The final sentence in the show’s standard introduction is “We care about the current and future landscape in women’s sports,” which, as it happens, I do too. It takes a lot to get me to listen to an entire running-related podcast, and also more self-cajoling than it may appear for me to write another post assured of drawing sad-face icons and demands to retract social shares from people who refuse to actually read it. This bloglike endeavor is rewarding in a few palpable senses, but I spent over 20 years writing about running in as positive a way as I could (opinions about my own races excepted) before this blog took a slight turn, and didn’t just wake up one day deciding to start dirt-bombing people who make a living—or, to be more realistic, grocery-to-almost-rent money—contributing their voices to a marginal but worthy sporting enterprise. Had I noticed a sudden and intentional diminution of journalistic ethics among running-writers, editors, and entire magazines five or ten or fifteen years ago, I’m sure that last angry hair strapped across my ass would have snapped then instead of last summer. (As it is, even as a far younger crotchety old man and Running Times senior writer, I used to rip content in Runner’s World regularly, a practice that continued after the latter purchased the former, has never stopped, and is gathering steam by the week. But those differences in perspective of yore were entirely sane and usually in fun.)
If you are in fact someone who reads whole posts, by the end of this one, you should understand why being nice to the proponents of unjust policies and kind to the athletes involved in their determination are two entirely different prospects, despite furious attempts to weld the two by those proponents. None of any animus found here is directed toward anyone but observers and commentators, some of them wielding enough influence to require that their lies, intentional distortions and misunderstandings be forcefully countervailed by, well, someone.
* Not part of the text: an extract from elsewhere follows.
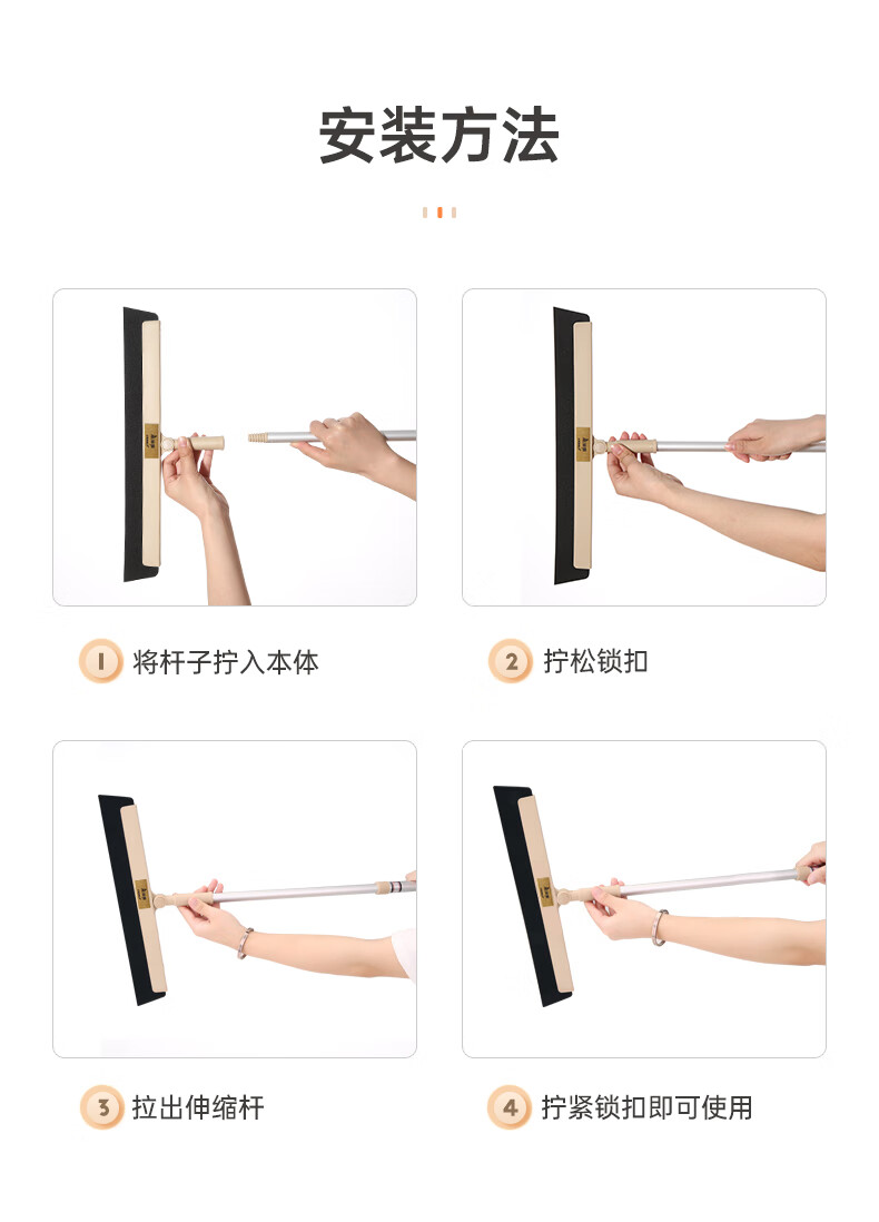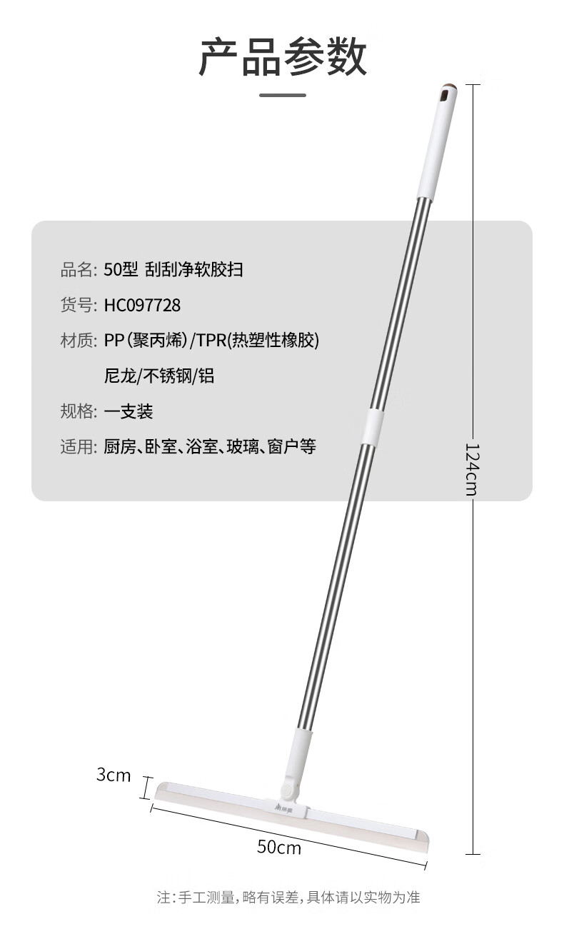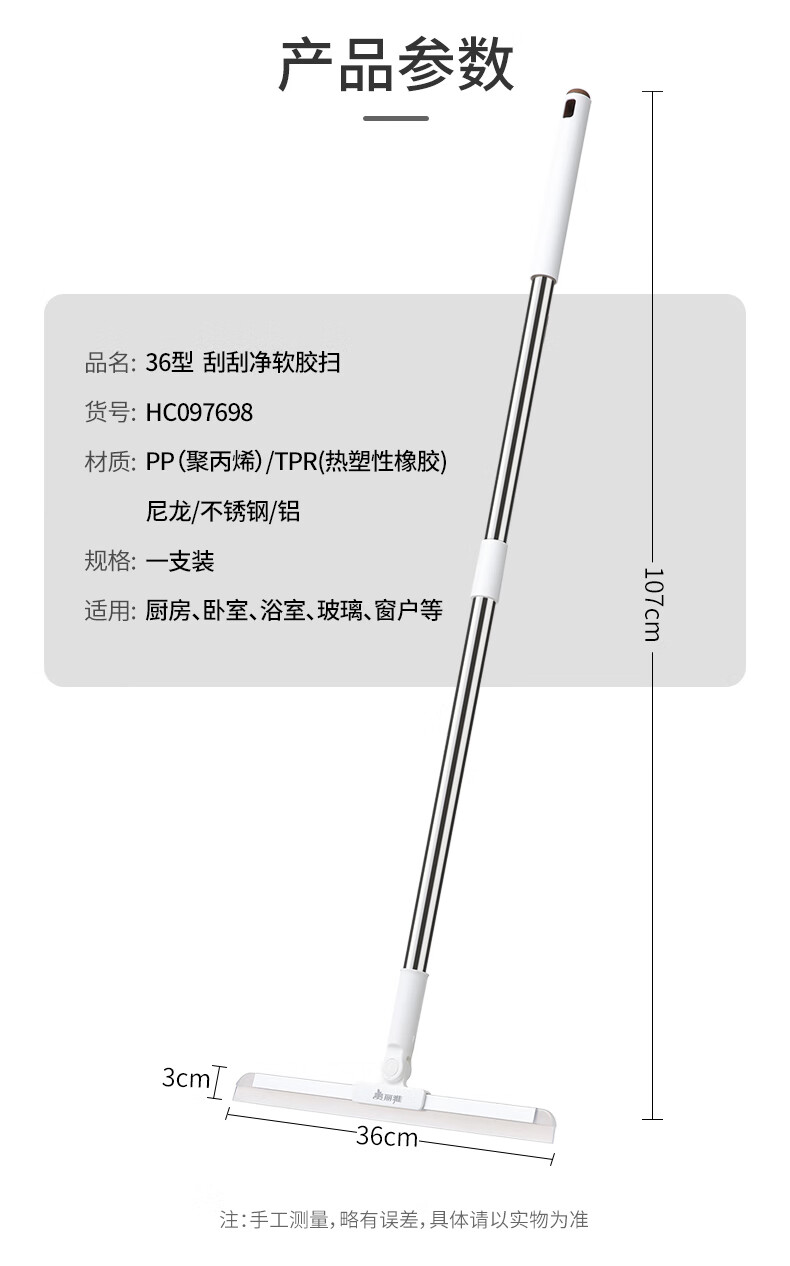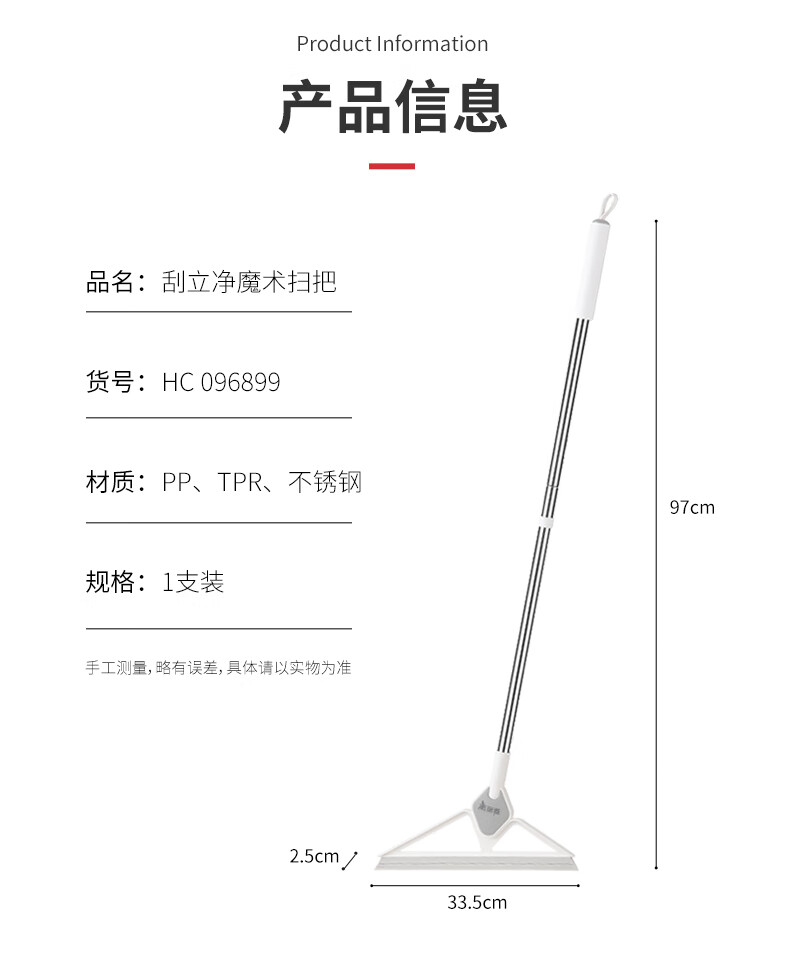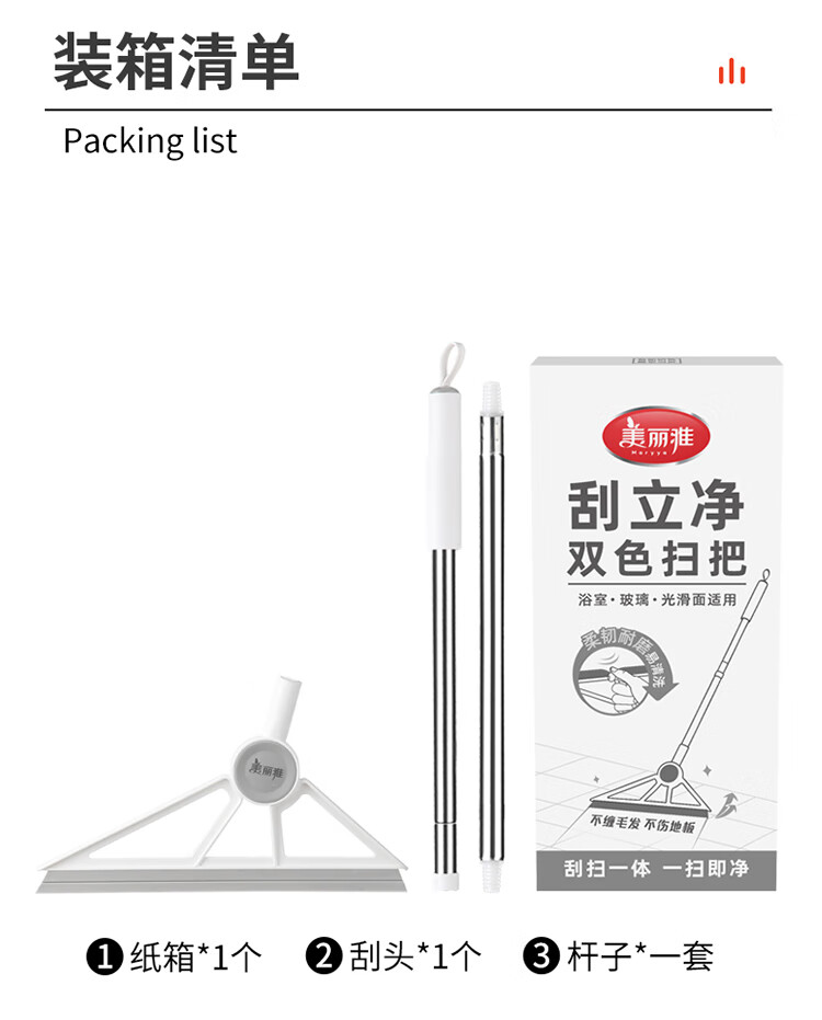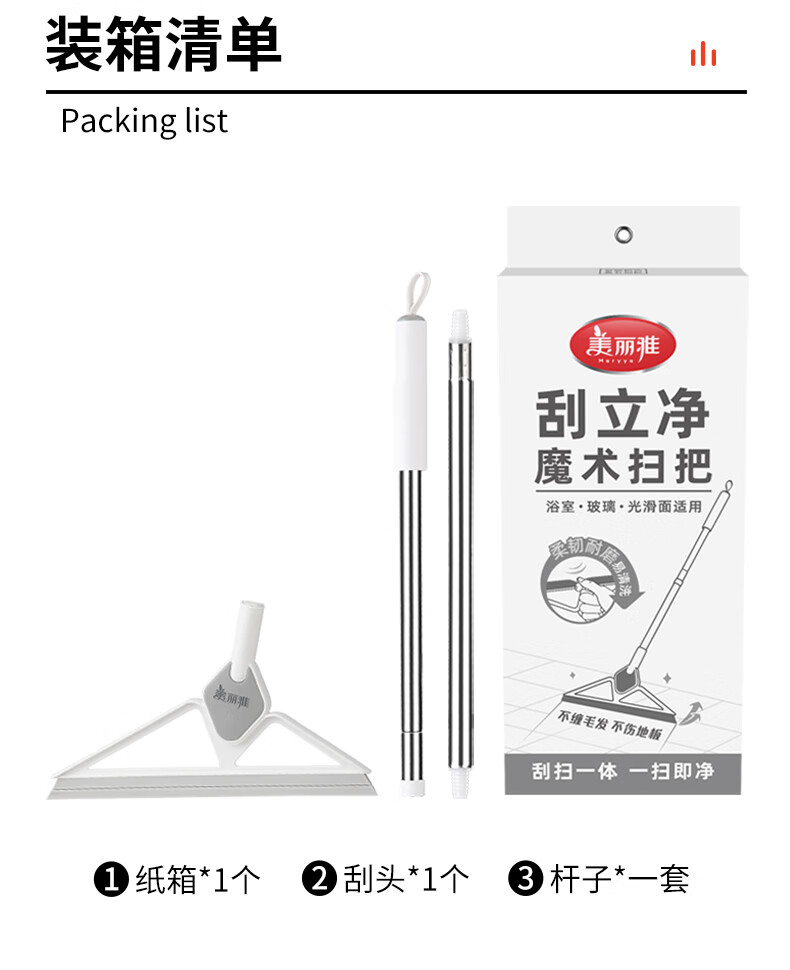 美丽雅魔术扫把地刮笤帚浴室不粘头发卫生间刮水扫把多功能刮擦玻璃神器 加宽刮水扫把【50cm】

My chief complaint isn’t that they are supporting wrong ideas; it’s that their shady ways of reporting on it reveal that they know, to at least some extent, that these ideas are bad. And of course, while slipshod work is one thing, dishonest reporting by itself is another and a good reason to sound some kind of alarm.
The pertinent chatter starts about ten minutes into the recording, after the hosts spend a few minutes marveling good-naturedly that breastfeeding an infant (I assume they’re talking only about infants) is somehow still taboo on American television despite the colossal flurry of genuine obscenities the medium cranks out. The hosts’ own notes on the podcast, which are really more like bookmarks or DVD section titles, are here.
9:50: The three hosts note the many requests they had received to tackle the topic of transgender and intersex (formally, a 46 X,Y disorder of sexual development, resulting in testes retained in the abdomen) women in sports, in particular in the 800 meters. At the moment, transgender athletes are a source of considerable tension at the high-school level and to a lesser extent in U.S. colleges, but at the world-class level of track and field, the focus is on intersex participants.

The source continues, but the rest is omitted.